• **WORK TO COMPLETE**: Output each line of the data below exactly, omitting any image.

[GIVEN DATA]

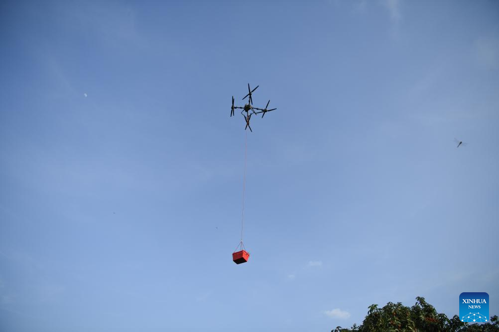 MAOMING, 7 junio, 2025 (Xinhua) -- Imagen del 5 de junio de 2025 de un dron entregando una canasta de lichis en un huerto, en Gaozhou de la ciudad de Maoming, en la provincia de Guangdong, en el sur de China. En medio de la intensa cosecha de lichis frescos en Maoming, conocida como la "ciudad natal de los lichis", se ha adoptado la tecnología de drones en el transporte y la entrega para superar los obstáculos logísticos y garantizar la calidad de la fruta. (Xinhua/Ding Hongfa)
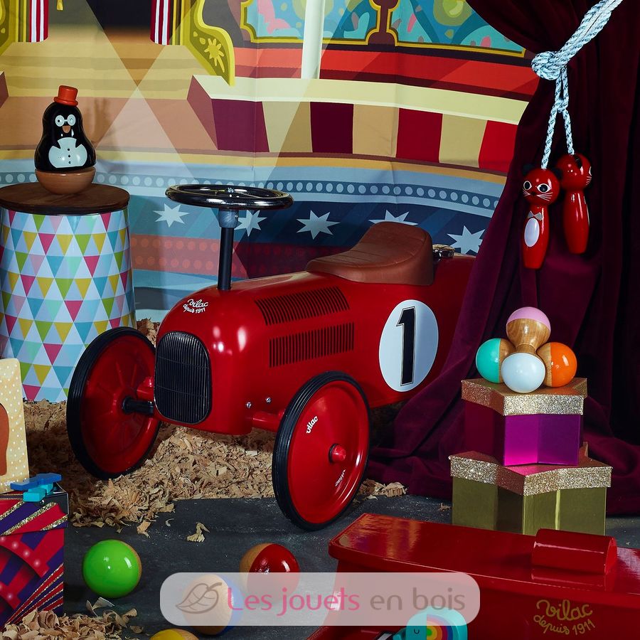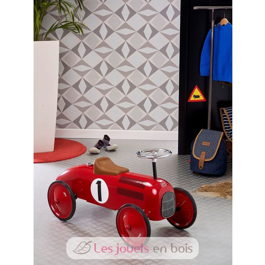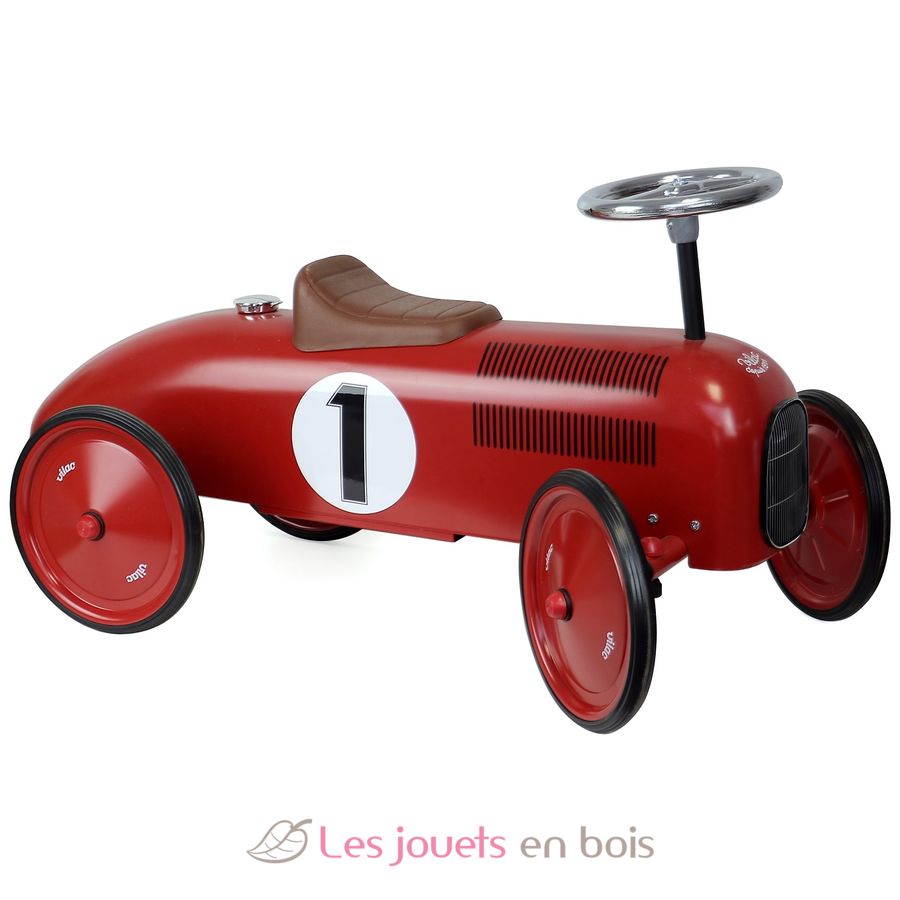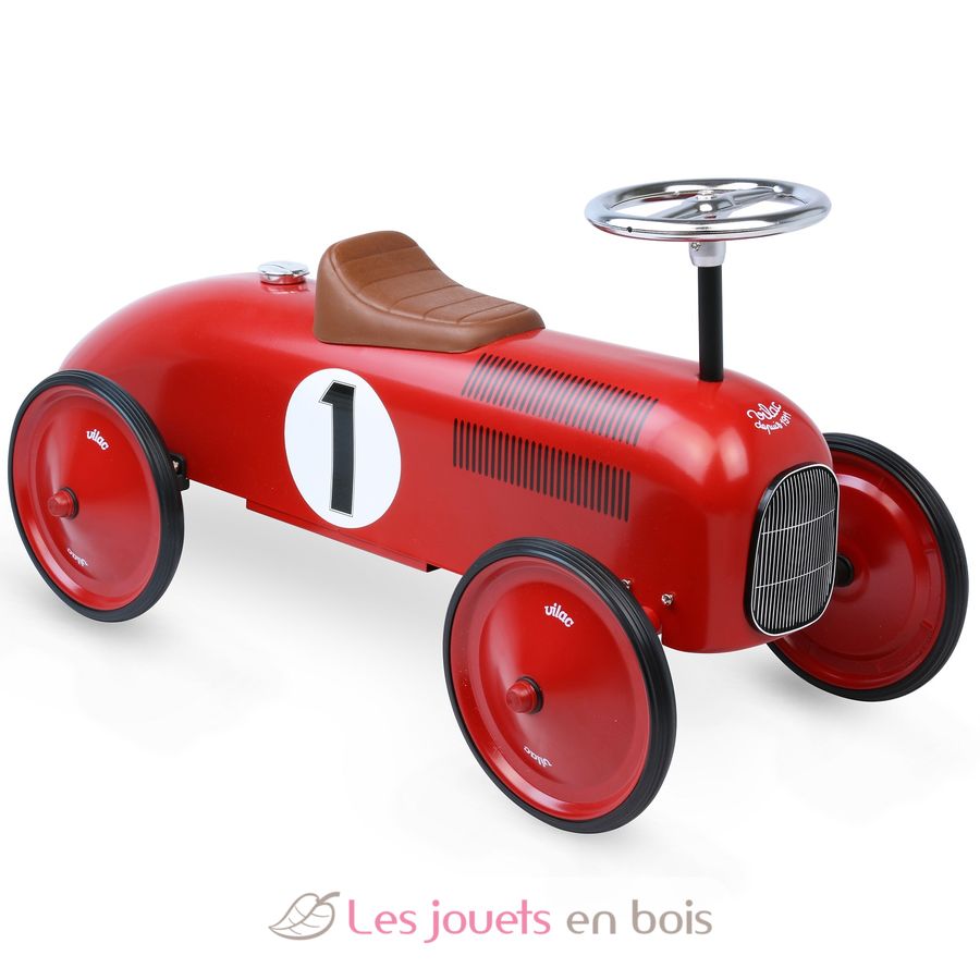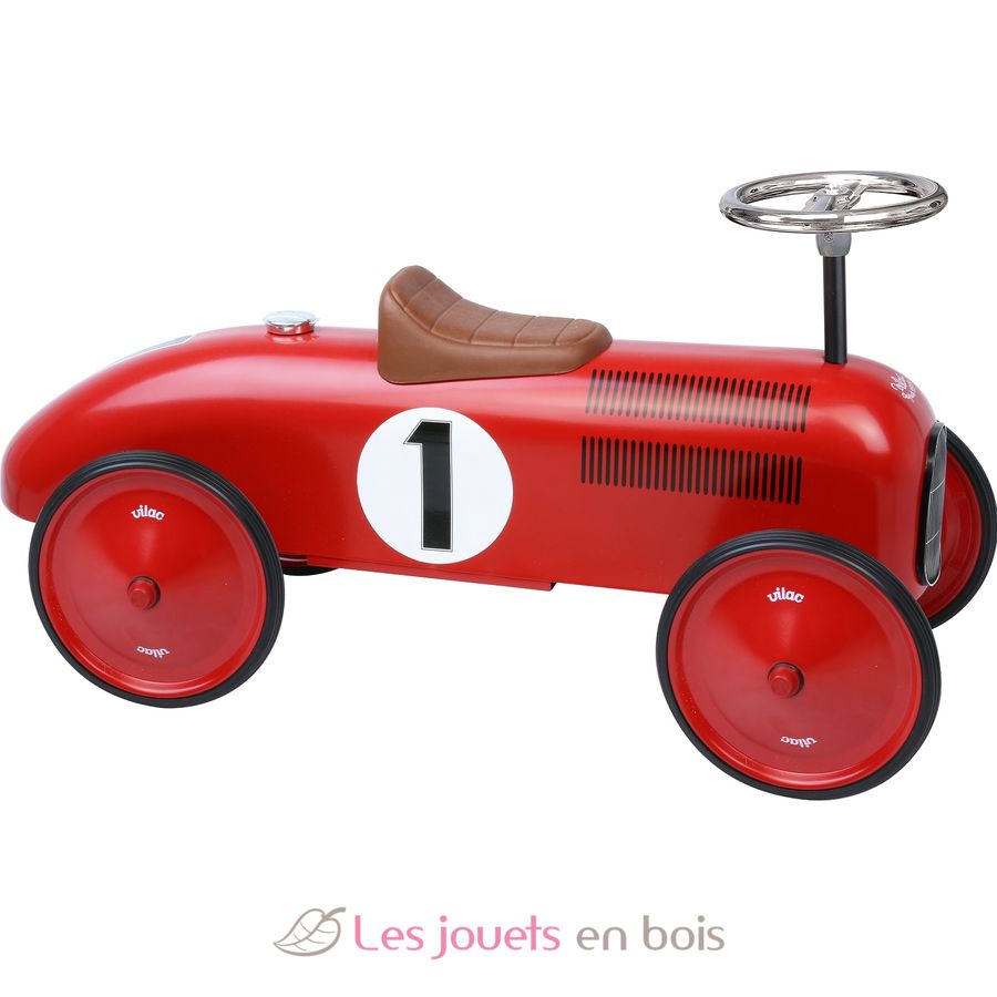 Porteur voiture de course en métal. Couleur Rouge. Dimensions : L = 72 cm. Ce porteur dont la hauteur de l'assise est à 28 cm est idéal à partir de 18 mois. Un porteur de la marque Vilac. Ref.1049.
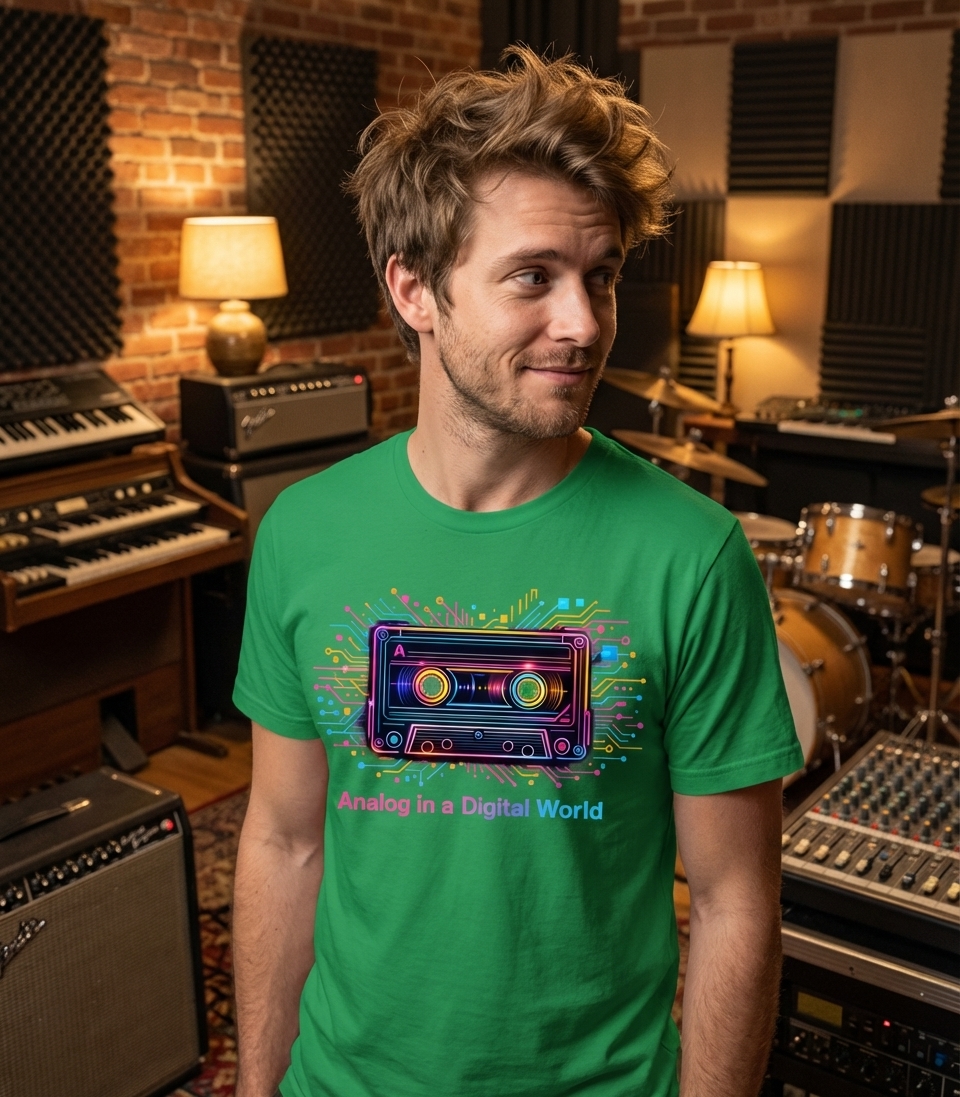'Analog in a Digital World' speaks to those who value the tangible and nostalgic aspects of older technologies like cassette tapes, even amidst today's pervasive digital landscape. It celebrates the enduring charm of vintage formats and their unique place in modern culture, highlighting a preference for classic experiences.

[/GIVEN DATA]

• **RESULT FOR THIS TASK**:
 MAOMING, 7 junio, 2025 (Xinhua) -- Imagen del 5 de junio de 2025 de un dron entregando una canasta de lichis en un huerto, en Gaozhou de la ciudad de Maoming, en la provincia de Guangdong, en el sur de China. En medio de la intensa cosecha de lichis frescos en Maoming, conocida como la "ciudad natal de los lichis", se ha adoptado la tecnología de drones en el transporte y la entrega para superar los obstáculos logísticos y garantizar la calidad de la fruta. (Xinhua/Ding Hongfa)
 Porteur voiture de course en métal. Couleur Rouge. Dimensions : L = 72 cm. Ce porteur dont la hauteur de l'assise est à 28 cm est idéal à partir de 18 mois. Un porteur de la marque Vilac. Ref.1049.
'Analog in a Digital World' speaks to those who value the tangible and nostalgic aspects of older technologies like cassette tapes, even amidst today's pervasive digital landscape. It celebrates the enduring charm of vintage formats and their unique place in modern culture, highlighting a preference for classic experiences.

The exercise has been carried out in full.